Dive Brief:
- Seattle will become the first city in North America with double-decker electric transit buses using inductive wireless charging, the Pennsylvania-based wireless electric vehicle charging supplier InductEV announced Tuesday.
- The Central Puget Sound Regional Transit Authority, known as Sound Transit, has ordered 48 electric buses, including 15 60-foot articulated electric buses and 33 double-decker buses from Alexander Dennis, a subsidiary of NFI Group.
- Sound Transit will become the seventh transit agency in Washington state to deploy electric buses using InductEV’s wireless charging technology. Indianapolis and Martha’s Vineyard, Massachusetts, also run electric buses with the company’s wireless charging system.
Dive Insight:
With more than $20 billion in grants available for bus purchases and supporting infrastructure through the Infrastructure Investment and Jobs Act, orders for zero-emission transit buses by transit agencies jumped 66% in 2022 over the previous year. But the transition to electric buses requires more than placing an order. Agencies must plan ahead for charging the vehicles at the bus depot, along the route or both.

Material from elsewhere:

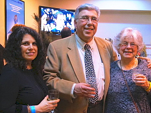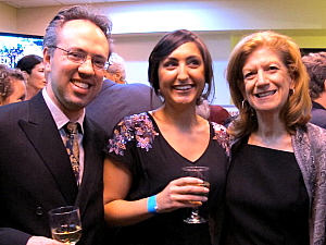 Cultural correspondent Bess J.M. Hochstein reports from Pittsfield: It's much easier for Hollywood types to doll up for the Academy Awards in the warmth of Los Angeles, where down jackets and other wardrobe-busting winter layers are unnecessary, but a glittery crowd managed to shine quite well, thank you, at Berkshire International Film Festival’s live broadcast of the Oscars on Sunday, February 27 at the Beacon Cinema. After shedding their outerwear to stroll the red-carpeted lobby in style, guests ascended to the VIP party rooms and snacked on clever caterer Katie Baldwin’s award-themed delicacies, such as Soy Story sushi rolls, Black Prawn skewered shrimp, and The King’s Quiche, while sipping the evening's signature cocktail, 127 Sours. There seemed to be only one contender for the Oscar host lookalike contest—an unrecognizable Molly Boxer in her best Anne Hathaway disguise—but guests did their best to act like Academy Award-nominees before heading into the screening rooms to watch the real players get their just desserts. And yes, there was popcorn, though for this evening it was truffled, of course.

“Traditional depot-style conductive (plug-in) charging requires significant upgrades to grid capacity, including adding substations, which is expensive and takes years, while slowing the growth of electric vehicle adoption,” said M. David Dealy, president and chief commercial officer of InductEV, in an email. “On-route wireless charging offers many advantages including easier electricity provisioning, no extra real estate, use of lower-cost renewable energy for charging and smaller batteries that need no replacement or recycling.”
The electric buses will rely on 13 300-kilowatt in-ground inductive chargers. Wireless charging is over 20% more cost-efficient than wired charging and 30% to 50% more cost-efficient than diesel, Dealy said.
To be delivered in 2026, the double-decker buses will serve a new bus rapid transit route that Sound Transit is developing along Interstate 405 to connect communities around Lake Washington and to the agency’s light rail network.
“The order was placed after we completed extensive route mapping exercises in conjunction with Sound Transit, using automotive-grade modelling to fully understand the operational requirements,” Vice President for Alexander Dennis in North America Stephen Walsh said in a statement.
The regional transit agency already operates a fleet of 50 Alexander Dennis battery-electric double-decker buses out of Everett, Washington, which Sound Transit says are popular with its passengers.